PROBLEM DETAILS —
Set the listing down again exactly, please, apart from its pictures.

DATA BELOW —
---------------
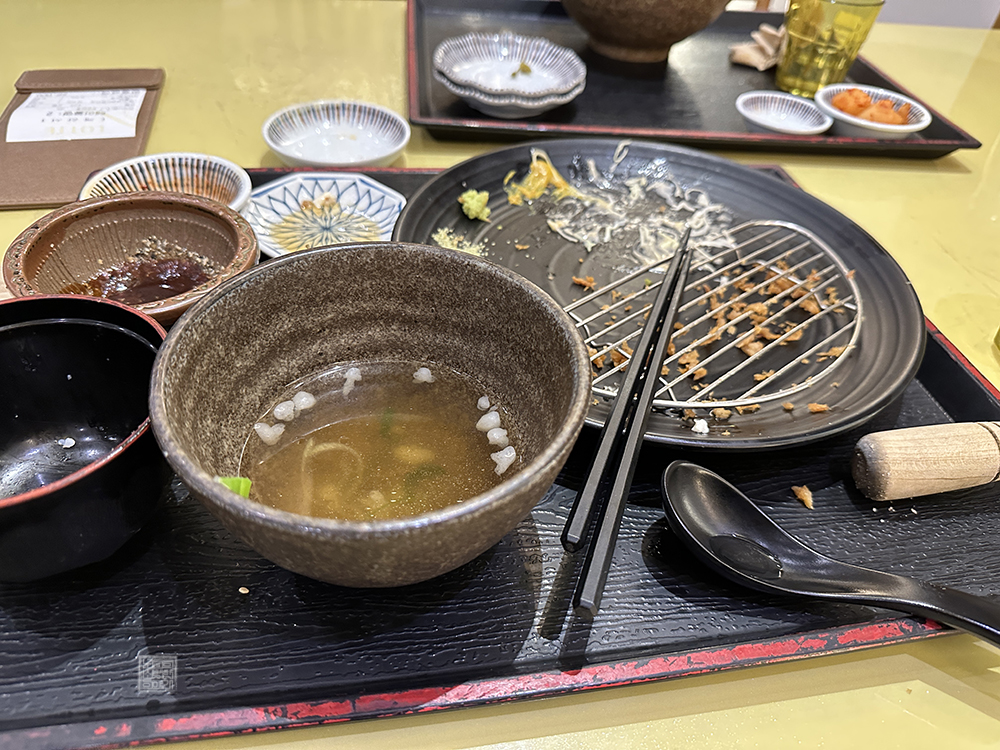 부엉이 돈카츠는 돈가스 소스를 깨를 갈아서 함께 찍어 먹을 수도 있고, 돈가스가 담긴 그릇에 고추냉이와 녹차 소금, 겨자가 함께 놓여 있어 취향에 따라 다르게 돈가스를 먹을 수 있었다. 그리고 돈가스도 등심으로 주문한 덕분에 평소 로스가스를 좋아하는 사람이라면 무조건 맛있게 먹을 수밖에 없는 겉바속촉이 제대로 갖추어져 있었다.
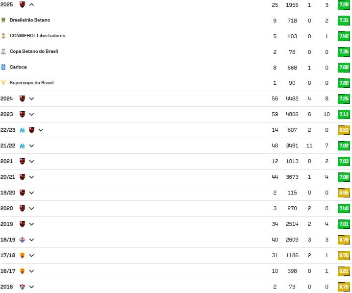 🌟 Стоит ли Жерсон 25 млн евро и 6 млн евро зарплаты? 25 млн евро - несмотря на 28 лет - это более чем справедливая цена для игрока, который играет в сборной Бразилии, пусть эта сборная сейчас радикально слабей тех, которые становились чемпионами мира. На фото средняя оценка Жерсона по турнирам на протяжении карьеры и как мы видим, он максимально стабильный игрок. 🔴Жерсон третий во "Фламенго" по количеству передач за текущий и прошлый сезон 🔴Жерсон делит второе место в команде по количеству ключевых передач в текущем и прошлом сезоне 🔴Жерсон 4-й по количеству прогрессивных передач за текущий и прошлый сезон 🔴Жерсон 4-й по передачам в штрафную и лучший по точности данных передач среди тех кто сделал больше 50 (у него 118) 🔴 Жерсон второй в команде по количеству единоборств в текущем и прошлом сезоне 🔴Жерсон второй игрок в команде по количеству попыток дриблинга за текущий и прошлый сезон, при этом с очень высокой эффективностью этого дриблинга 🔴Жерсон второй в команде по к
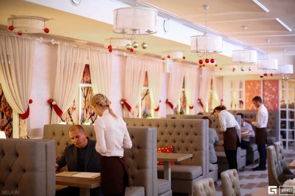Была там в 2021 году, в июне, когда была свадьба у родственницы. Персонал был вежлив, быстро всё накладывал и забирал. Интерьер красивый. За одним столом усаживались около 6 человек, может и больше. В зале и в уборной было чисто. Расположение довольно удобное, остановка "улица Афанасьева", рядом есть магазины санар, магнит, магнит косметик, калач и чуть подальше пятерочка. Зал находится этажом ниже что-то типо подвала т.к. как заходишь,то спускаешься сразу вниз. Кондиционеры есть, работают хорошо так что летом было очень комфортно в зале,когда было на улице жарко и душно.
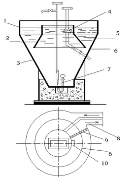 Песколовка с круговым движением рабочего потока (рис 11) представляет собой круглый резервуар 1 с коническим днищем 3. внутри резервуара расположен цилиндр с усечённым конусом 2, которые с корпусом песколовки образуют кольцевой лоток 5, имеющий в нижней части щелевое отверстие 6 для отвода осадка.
---------------
REPLY —
 부엉이 돈카츠는 돈가스 소스를 깨를 갈아서 함께 찍어 먹을 수도 있고, 돈가스가 담긴 그릇에 고추냉이와 녹차 소금, 겨자가 함께 놓여 있어 취향에 따라 다르게 돈가스를 먹을 수 있었다. 그리고 돈가스도 등심으로 주문한 덕분에 평소 로스가스를 좋아하는 사람이라면 무조건 맛있게 먹을 수밖에 없는 겉바속촉이 제대로 갖추어져 있었다.
 🌟 Стоит ли Жерсон 25 млн евро и 6 млн евро зарплаты? 25 млн евро - несмотря на 28 лет - это более чем справедливая цена для игрока, который играет в сборной Бразилии, пусть эта сборная сейчас радикально слабей тех, которые становились чемпионами мира. На фото средняя оценка Жерсона по турнирам на протяжении карьеры и как мы видим, он максимально стабильный игрок. 🔴Жерсон третий во "Фламенго" по количеству передач за текущий и прошлый сезон 🔴Жерсон делит второе место в команде по количеству ключевых передач в текущем и прошлом сезоне 🔴Жерсон 4-й по количеству прогрессивных передач за текущий и прошлый сезон 🔴Жерсон 4-й по передачам в штрафную и лучший по точности данных передач среди тех кто сделал больше 50 (у него 118) 🔴 Жерсон второй в команде по количеству единоборств в текущем и прошлом сезоне 🔴Жерсон второй игрок в команде по количеству попыток дриблинга за текущий и прошлый сезон, при этом с очень высокой эффективностью этого дриблинга 🔴Жерсон второй в команде по к
Была там в 2021 году, в июне, когда была свадьба у родственницы. Персонал был вежлив, быстро всё накладывал и забирал. Интерьер красивый. За одним столом усаживались около 6 человек, может и больше. В зале и в уборной было чисто. Расположение довольно удобное, остановка "улица Афанасьева", рядом есть магазины санар, магнит, магнит косметик, калач и чуть подальше пятерочка. Зал находится этажом ниже что-то типо подвала т.к. как заходишь,то спускаешься сразу вниз. Кондиционеры есть, работают хорошо так что летом было очень комфортно в зале,когда было на улице жарко и душно.
 Песколовка с круговым движением рабочего потока (рис 11) представляет собой круглый резервуар 1 с коническим днищем 3. внутри резервуара расположен цилиндр с усечённым конусом 2, которые с корпусом песколовки образуют кольцевой лоток 5, имеющий в нижней части щелевое отверстие 6 для отвода осадка.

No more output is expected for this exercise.